Start at the line in the entries below that contains "Сертификат на никнейм", stop at the line that contains "Двоє чоловіків увірвалися", and output exactly the lines in that span, both ends included.

RECORDS SUPPLIED:
▼▼▼

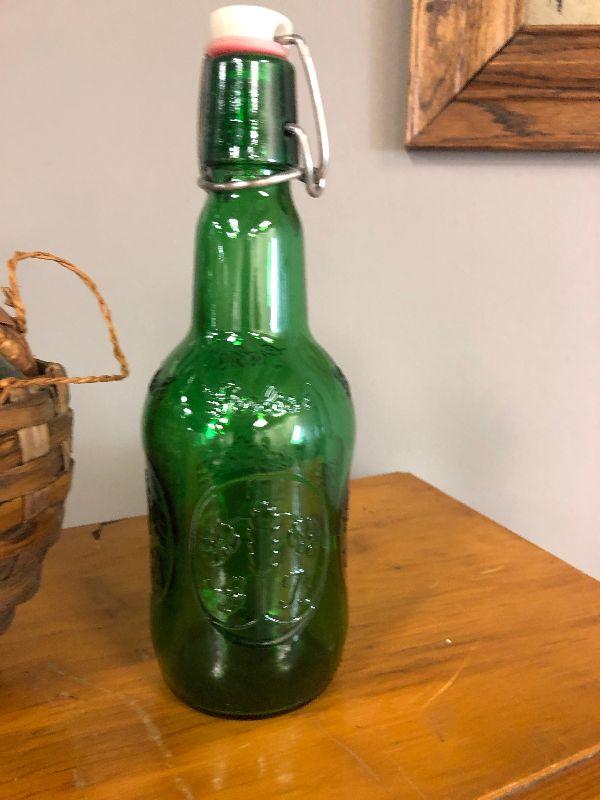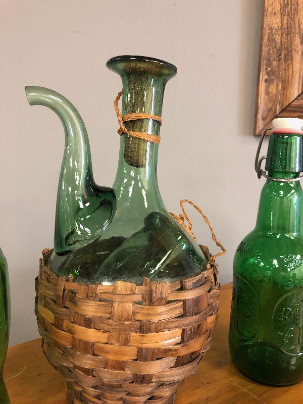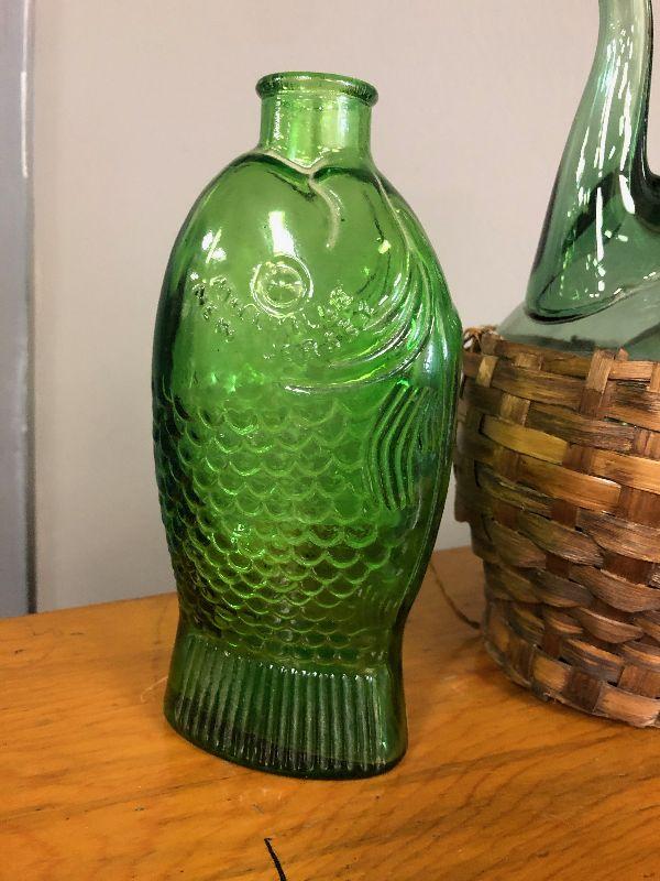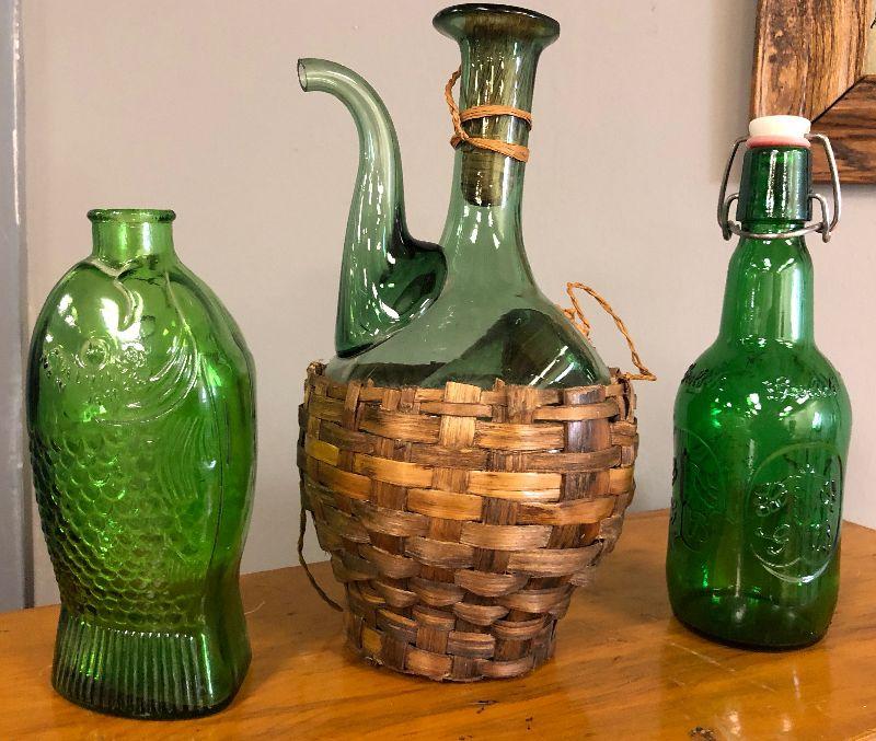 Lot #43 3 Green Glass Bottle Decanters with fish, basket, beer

▲▲▲
▼▼▼

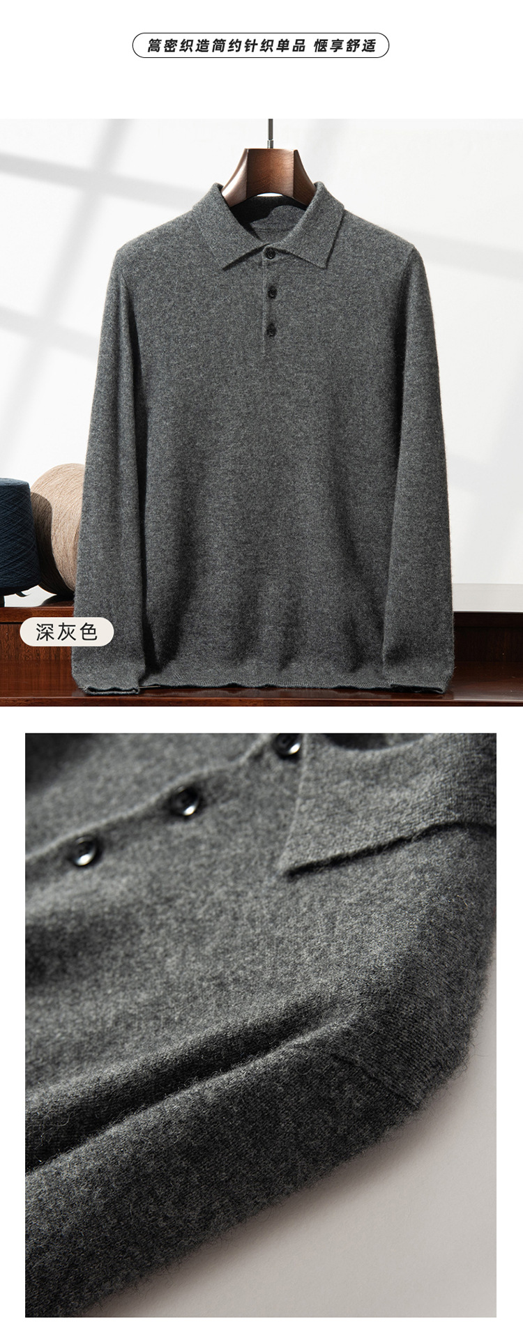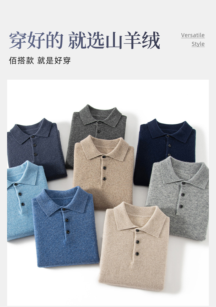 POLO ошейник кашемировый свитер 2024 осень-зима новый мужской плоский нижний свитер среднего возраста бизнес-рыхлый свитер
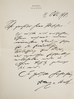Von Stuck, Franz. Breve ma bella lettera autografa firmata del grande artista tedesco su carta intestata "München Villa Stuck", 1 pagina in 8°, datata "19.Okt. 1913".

▲▲▲
▼▼▼

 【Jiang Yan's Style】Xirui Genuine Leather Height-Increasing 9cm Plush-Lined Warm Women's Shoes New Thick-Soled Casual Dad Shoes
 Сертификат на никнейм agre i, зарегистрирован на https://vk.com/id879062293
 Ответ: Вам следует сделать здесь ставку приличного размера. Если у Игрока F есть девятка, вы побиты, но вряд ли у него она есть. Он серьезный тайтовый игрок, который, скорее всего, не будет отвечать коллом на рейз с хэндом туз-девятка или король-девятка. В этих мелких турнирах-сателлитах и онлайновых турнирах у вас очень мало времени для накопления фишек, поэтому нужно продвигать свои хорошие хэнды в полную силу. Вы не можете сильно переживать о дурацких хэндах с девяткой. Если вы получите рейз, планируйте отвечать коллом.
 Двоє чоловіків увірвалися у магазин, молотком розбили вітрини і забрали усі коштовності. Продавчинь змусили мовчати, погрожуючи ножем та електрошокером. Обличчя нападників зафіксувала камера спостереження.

▲▲▲

SOLUTION:
 Сертификат на никнейм agre i, зарегистрирован на https://vk.com/id879062293
 Ответ: Вам следует сделать здесь ставку приличного размера. Если у Игрока F есть девятка, вы побиты, но вряд ли у него она есть. Он серьезный тайтовый игрок, который, скорее всего, не будет отвечать коллом на рейз с хэндом туз-девятка или король-девятка. В этих мелких турнирах-сателлитах и онлайновых турнирах у вас очень мало времени для накопления фишек, поэтому нужно продвигать свои хорошие хэнды в полную силу. Вы не можете сильно переживать о дурацких хэндах с девяткой. Если вы получите рейз, планируйте отвечать коллом.
 Двоє чоловіків увірвалися у магазин, молотком розбили вітрини і забрали усі коштовності. Продавчинь змусили мовчати, погрожуючи ножем та електрошокером. Обличчя нападників зафіксувала камера спостереження.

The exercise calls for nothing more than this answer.